BI: Business Intelligence.
All the means of intelligent operation, judgment and management for business can be grouped into the category of BI. Even AI (Artificial Intelligence) can still be a part of BI as long as it can provide the above functions.
What is intelligent business operation, judgment and management?
The story of “beer and diapers” is well known in the industry. When young dads buy diapers, they pack a pack of beer with them, so Walmart deliberately increases sales of both by putting them on the same shelf.
If you don’t have personal experience of this version, please open amazon app or website. If you input Data Warehouse, will you see a series of books with data Warehouse title? Select the first one and click on it, you will see the following screen:
This is a typical application case. All of the technologies that led to all of this can be summed up in BI.
BI is a concept-level enterprise department, to implement specific work, or pay attention to its implementation technology.
The case of amazon book purchase above reflects a BI application concept, namely recommendation. So how to implement this application, we still need to go into the technical details of the implementation. Specific engineers will be assigned to implement each detail, and each engineer will be assigned to the tasks involved in the problem.
(Image from Google, all rights reserved)
Buying books on Amazon is a fashionable thing to do, and it gives amazon a wealth of data on users’ “trajectoriness”. By recording this user behavior data, Amazon has created a data warehouse that stores your book purchases, mine, and others in a table, using SQL technology to store a combination of purchases as a specific purchase. When people buy books we have bought, they are offered recommended books through previously stored “special purchases”.
All the people in charge of technical implementation in the whole diagram can be called Data Engineer; A more accurate ETL to the right is called a BI person; More detailed, the implementation of ETL is called ETL engineer, Data Warehouse model designer is called Data Model engineer (Data Modeler), responsible for visual design is called BI Reporter.
Early BI implementations relied solely on data warehouses.
To implement the data warehouse, we need to mention two characters, Inmon and Kimball. The theory of data warehouse put forward by them basically laid the foundation for the understanding of logarithmic warehouse in our era.
(Image from Google, all rights reserved)
Kimball’s Data Warehouse theory is inclined to the large and unified Data Warehouse, while Inmon is inclined to the thematic Data Mart, advocating that the Data in the Data Mart should be returned to applications to facilitate business. The previous recommendation system is the prototype application of Data Mart.
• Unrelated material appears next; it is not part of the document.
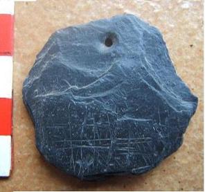 pour finir et préciser ma pensée au sujet de ta trouvaille, je joins une pendeloque en schiste ardoisier percée par une perforation biconique caractéristique, de plus, on observe des rayures volontaires faites sur l'objet.

Modern BI implementations are much richer: small data gameplay, big data gameplay, statistical reports, AD hoc queries, distributed computing, streaming computing, recommendation systems, knowledge graphs, NLP, voice interaction, pattern recognition. So data mining, data scientists and data analysts are added, and those responsible for the implementation of big data technology are called big data engineers.
The reason why modern BI is segmented is mainly due to the increase in distributed applications brought about by the data explosion.
Based on the current BI technology in the background of big data glow second spring, implementation architecture is becoming more and more complex. I choose the commonly used **Lamba Architecture ** to give the lecture.
Around 2010, big data began to emerge with Hadoop. At this time, data warehouse technology is still in its infancy, and there is no plan to replace this technical architecture for the time being, because the early investment and its own value continue to play a warm up. However, new data requirements have forced the adoption of new computing architectures, so many companies have adopted the strategy of combining traditional data warehouse technologies with distributed architectures based on Hadoop. Roughly as follows:
(Image from the network, all rights reserved)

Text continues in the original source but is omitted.